Step 2: Intelligent Chunking - Avoid Token Limits

The list of words and phrases transcribed from an hour-long video can be very large, and sending it directly to the LLM may exceed its token limit (Context Window). Therefore, it must be processed in chunks.

A simple and effective method is to set a threshold, such as 500 words per chunk.

python
def create_chunks(data, chunk_size=500):
    chunks = []
    for i in range(0, len(data), chunk_size):
        chunks.append(data[i:i + chunk_size])
    return chunks

word_chunks = create_chunks(word_level_timestamps, 500)

Advanced Tip: To avoid abruptly cutting in the middle of a sentence, a better chunking strategy is to look for the largest gap between words (the time difference between end and the next start) near the chunk_size mark. This improves the contextual integrity of each chunk processed by the LLM.

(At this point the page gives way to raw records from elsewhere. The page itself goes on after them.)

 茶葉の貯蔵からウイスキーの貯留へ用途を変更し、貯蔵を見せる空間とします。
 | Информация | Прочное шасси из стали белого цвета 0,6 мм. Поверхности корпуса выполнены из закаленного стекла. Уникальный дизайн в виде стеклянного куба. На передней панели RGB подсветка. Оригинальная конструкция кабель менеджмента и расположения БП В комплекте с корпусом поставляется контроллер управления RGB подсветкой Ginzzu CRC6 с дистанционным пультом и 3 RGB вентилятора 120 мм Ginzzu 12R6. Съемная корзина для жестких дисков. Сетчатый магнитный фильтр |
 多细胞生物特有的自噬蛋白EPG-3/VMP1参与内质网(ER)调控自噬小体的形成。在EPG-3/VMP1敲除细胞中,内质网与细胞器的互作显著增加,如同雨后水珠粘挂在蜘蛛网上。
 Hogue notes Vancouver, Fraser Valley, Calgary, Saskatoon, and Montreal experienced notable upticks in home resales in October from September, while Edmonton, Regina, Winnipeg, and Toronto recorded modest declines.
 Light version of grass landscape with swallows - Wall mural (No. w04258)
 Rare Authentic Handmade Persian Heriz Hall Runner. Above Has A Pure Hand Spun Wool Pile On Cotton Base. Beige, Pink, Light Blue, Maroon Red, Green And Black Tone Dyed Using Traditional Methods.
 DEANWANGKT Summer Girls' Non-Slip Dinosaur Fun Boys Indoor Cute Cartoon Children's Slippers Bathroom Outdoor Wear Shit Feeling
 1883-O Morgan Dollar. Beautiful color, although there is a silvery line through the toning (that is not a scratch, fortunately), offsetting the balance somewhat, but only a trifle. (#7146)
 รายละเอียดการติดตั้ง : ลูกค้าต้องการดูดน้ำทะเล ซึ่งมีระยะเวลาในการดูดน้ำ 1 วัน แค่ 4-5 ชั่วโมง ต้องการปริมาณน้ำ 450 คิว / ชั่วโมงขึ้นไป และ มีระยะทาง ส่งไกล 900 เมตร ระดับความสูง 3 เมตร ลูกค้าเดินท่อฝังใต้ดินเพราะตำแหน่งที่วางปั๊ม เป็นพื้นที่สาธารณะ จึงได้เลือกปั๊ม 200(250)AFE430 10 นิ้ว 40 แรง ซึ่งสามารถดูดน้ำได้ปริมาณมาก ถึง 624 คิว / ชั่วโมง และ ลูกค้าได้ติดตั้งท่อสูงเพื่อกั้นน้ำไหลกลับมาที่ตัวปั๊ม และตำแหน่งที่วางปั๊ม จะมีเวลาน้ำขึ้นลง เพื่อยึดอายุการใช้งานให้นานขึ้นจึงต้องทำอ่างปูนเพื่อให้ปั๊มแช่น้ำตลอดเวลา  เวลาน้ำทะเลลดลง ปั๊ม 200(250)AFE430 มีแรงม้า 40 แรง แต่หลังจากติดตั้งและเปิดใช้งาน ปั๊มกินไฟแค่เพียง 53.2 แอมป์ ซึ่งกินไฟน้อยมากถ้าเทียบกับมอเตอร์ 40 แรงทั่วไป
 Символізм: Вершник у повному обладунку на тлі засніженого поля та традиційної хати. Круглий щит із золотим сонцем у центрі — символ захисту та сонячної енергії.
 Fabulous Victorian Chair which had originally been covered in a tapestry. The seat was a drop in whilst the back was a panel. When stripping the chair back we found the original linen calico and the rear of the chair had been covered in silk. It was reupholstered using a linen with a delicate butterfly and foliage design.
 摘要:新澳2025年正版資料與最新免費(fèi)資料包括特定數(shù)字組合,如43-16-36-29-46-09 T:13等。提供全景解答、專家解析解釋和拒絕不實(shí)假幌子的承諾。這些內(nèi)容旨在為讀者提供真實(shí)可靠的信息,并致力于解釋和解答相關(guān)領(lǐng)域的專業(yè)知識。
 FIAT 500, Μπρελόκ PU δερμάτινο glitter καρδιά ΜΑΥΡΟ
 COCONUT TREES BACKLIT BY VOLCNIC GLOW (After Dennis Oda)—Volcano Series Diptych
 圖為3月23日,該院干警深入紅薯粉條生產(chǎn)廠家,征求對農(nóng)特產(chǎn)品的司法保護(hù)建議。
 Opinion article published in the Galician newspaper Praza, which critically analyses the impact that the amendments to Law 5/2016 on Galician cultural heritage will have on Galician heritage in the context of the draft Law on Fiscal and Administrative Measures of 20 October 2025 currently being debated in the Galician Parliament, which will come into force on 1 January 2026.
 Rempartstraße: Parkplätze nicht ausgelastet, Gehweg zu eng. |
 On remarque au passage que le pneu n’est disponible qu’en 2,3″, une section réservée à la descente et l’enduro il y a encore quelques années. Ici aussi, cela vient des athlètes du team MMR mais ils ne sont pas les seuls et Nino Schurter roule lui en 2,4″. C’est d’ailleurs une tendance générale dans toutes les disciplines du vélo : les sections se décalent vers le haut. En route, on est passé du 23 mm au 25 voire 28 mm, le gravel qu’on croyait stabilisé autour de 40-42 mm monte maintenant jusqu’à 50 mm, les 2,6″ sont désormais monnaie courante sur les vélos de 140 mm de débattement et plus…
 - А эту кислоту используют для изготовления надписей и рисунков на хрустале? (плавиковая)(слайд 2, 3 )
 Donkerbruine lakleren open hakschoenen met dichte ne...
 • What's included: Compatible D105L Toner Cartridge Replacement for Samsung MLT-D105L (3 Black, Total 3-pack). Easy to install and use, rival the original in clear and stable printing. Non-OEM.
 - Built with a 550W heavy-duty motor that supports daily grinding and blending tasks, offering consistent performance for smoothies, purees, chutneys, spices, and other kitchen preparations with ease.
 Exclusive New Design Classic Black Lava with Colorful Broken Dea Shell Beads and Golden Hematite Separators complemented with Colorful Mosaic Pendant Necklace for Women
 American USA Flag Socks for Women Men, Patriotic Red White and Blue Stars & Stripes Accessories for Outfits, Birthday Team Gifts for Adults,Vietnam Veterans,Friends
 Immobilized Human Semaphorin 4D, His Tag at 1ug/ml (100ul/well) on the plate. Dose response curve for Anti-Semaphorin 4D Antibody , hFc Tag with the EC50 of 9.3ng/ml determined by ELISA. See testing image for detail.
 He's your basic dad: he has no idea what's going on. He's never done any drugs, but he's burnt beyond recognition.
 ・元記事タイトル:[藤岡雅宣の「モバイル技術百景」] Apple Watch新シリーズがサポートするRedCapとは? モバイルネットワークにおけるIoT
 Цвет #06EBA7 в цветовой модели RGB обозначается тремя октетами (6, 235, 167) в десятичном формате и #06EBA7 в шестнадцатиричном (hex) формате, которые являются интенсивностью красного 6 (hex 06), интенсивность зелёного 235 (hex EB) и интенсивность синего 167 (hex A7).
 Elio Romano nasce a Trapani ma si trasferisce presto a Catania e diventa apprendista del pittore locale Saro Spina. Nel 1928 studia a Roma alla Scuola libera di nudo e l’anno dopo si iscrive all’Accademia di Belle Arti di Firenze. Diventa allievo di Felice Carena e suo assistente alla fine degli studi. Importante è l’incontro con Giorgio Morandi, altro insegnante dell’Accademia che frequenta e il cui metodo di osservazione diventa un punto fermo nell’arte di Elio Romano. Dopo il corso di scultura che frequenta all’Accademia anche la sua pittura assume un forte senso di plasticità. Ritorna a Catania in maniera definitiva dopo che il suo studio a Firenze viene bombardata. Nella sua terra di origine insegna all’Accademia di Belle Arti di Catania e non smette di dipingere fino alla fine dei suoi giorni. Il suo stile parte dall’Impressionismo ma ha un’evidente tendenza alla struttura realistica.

Step 3: Design the "Soul" - Write High-Quality LLM Prompts

The prompt is the soul of the entire process, and it directly determines the quality and stability of the output. An excellent prompt should include the following elements:

  1. Clear Role and Objective: Clearly tell the LLM its identity (such as "AI Subtitle Processing Engine") and its sole task.
  2. Detailed Processing Flow: Describe step-by-step what it needs to do, including language identification, intelligent segmentation, text correction, adding punctuation, etc.
  3. Extremely Strict Output Format Definition: Use tables, code blocks, etc. to precisely define the output JSON structure, key names, and value types, and emphasize what is "required" and "prohibited."
  4. Provide Examples: Give 1-2 complete examples including input and expected output. This greatly helps the model understand the task, especially when dealing with special situations (such as correcting typos or removing filler words).
  5. Built-in Final Checklist: Have the model perform a self-check at the end of the Prompt, which is a powerful psychological suggestion that effectively improves adherence to the output format.

The prompt that I finally optimized today is a perfect example of following all the above principles. (See the specific prompt at the bottom)

Step 4: Avoid "Pitfalls" - Common Problems and Solutions in Structured Calls

This is the link most prone to errors in practice.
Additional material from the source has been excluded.